With no data path specified, CLEAR runs on a built-in [GSM8K sample dataset](https://github.com/IBM/CLEAR/blob/main/src/clear_eval/sample_data/gsm8k/gsm8k_default_predictions.csv) using [default settings](https://github.com/IBM/CLEAR/blob/main/src/clear_eval/pipeline/setup/default_config.yaml):

```bash
run-clear-eval-analysis --provider openai --eval-model-name gpt-4o
```

Results are saved to `results/gsm8k/sample_output/`.

### 3. Run on your own data

```bash
run-clear-eval-analysis \
    --provider openai \
    --eval-model-name gpt-4o \
    --data-path path/to/your_data.csv \
    --output-dir results/my_run/ \
    --run-name my_run
```

Your CSV should contain at minimum `id`, `model_input`, and `response` columns.
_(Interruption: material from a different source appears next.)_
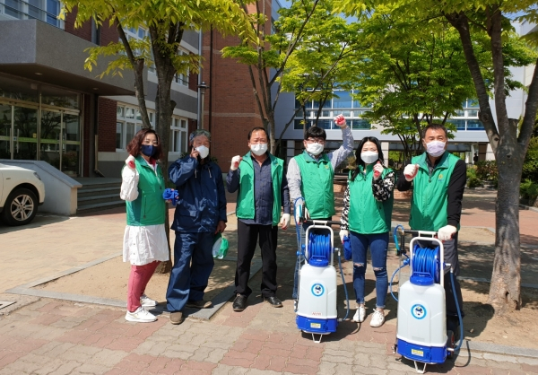 대구 북구 읍내동 새마을협의회(회장 장승우)와 새마을부녀회(회장 김영숙)는 4월 27일, 4월 29일, 양일간 관내 개학 준비 중인 학교에 방역자원 봉사활동을 실시했다.

See the [LLM Analysis Guide](docs/ANALYSIS_README.md#input-data-format) for the full input format specification.

### 4. View results

```bash
run-clear-eval-dashboard
```

Upload the generated ZIP file from the results directory to explore issues, scores, and individual examples.

---

## 🔍 Usage Overview

### 📝 LLM Analysis (CLI)

```bash
# Full pipeline
run-clear-eval-analysis --provider openai --eval-model-name gpt-4o --config_path path/to/config.yaml

# Evaluation only (using existing responses)
run-clear-eval-evaluation --provider openai --eval-model-name gpt-4o --config_path path/to/config.yaml
```

### 📝 LLM Analysis (Python)

```python
from clear_eval.analysis_runner import run_clear_eval_analysis

run_clear_eval_analysis(
    run_name="my_run",
    provider="openai",
    data_path="my_data.csv",
    eval_model_name="gpt-4o",
    output_dir="results/",
)
```

### 🤖 Agentic Analysis

```bash
run-clear-agentic-eval \
    --data-dir data/my_traces \
    --results-dir results \
    --from-raw-traces true \
    --eval-model-name gpt-4o \
    --provider openai

# Launch agentic dashboard
run-clear-agentic-dashboard
```

See the [Agentic Workflows Guide](src/clear_eval/agentic/README.md) for full details.

---

## 📚 Documentation

| Guide | Description |
|-------|-------------|
| 📝 [**LLM Analysis Guide**](docs/llm-analysis.md) | Full pipeline reference — input formats, CLI arguments, configuration, and external judges |
| 🤖 [**Agentic Workflows Guide**](src/clear_eval/agentic/README.md) | Multi-agent evaluation — trace preprocessing, step-by-step and trajectory analysis, configuration reference |
| 📊 [**Agentic Dashboard Guide**](docs/agentic/dashboard___.md) | Dashboard features — workflow view, node analysis, trajectory explorer, path and temporal analysis |
| 🔑 [**Providers and Credentials**](docs/providers.md) | Inference backends (LangChain, LiteLLM, Endpoint), provider setup, and configuration examples |

---

## 🔑 Supported Providers

| Provider | Backend | Credentials |
|----------|---------|-------------|
| OpenAI | LangChain, LiteLLM, Endpoint | `OPENAI_API_KEY` |
| WatsonX | LangChain, LiteLLM, Endpoint | `WATSONX_APIKEY`, `WATSONX_URL`, `WATSONX_PROJECT_ID` |
| Anthropic | LiteLLM | `ANTHROPIC_API_KEY` |
| AWS Bedrock | LiteLLM | AWS credentials |
| Google Vertex AI | LiteLLM | GCP credentials |
| [100+ more](https://docs.litellm.ai/docs/providers) | LiteLLM | Provider-specific |

See the **[Providers and Credentials Guide](docs/providers.md)** for backend configuration details and examples.

---

## 🗂️ Project Structure

```
CLEAR/
├── README.md                              # This file
├── docs/
│   ├── llm-analysis.md                    # LLM Analysis Guide
│   ├── providers.md                       # Providers and Credentials Guide
│   └── agentic/                           # Agentic documentation
│       ├── dashboard.md                   # Agentic Dashboard Guide
│       ├── intermediate-representation.md # CSV format reference
│       └── mlflow-tracing.md              # MLflow tracing guide
├── src/clear_eval/
│   ├── pipeline/                          # LLM analysis pipeline
│   ├── dashboard/                         # LLM dashboard (Streamlit)
│   ├── agentic/
│   │   ├── README.md                      # Agentic overview (links to docs/)
│   │   ├── pipeline/                      # Agentic pipeline
│   │   └── dashboard/                     # Dashboard code
│   └── sample_data/                       # Sample datasets
├── examples/                              # Configuration examples
└── tests/                                 # Test suite
```

---

## 📄 License

Apache 2.0 — see [LICENSE](LICENSE) for details.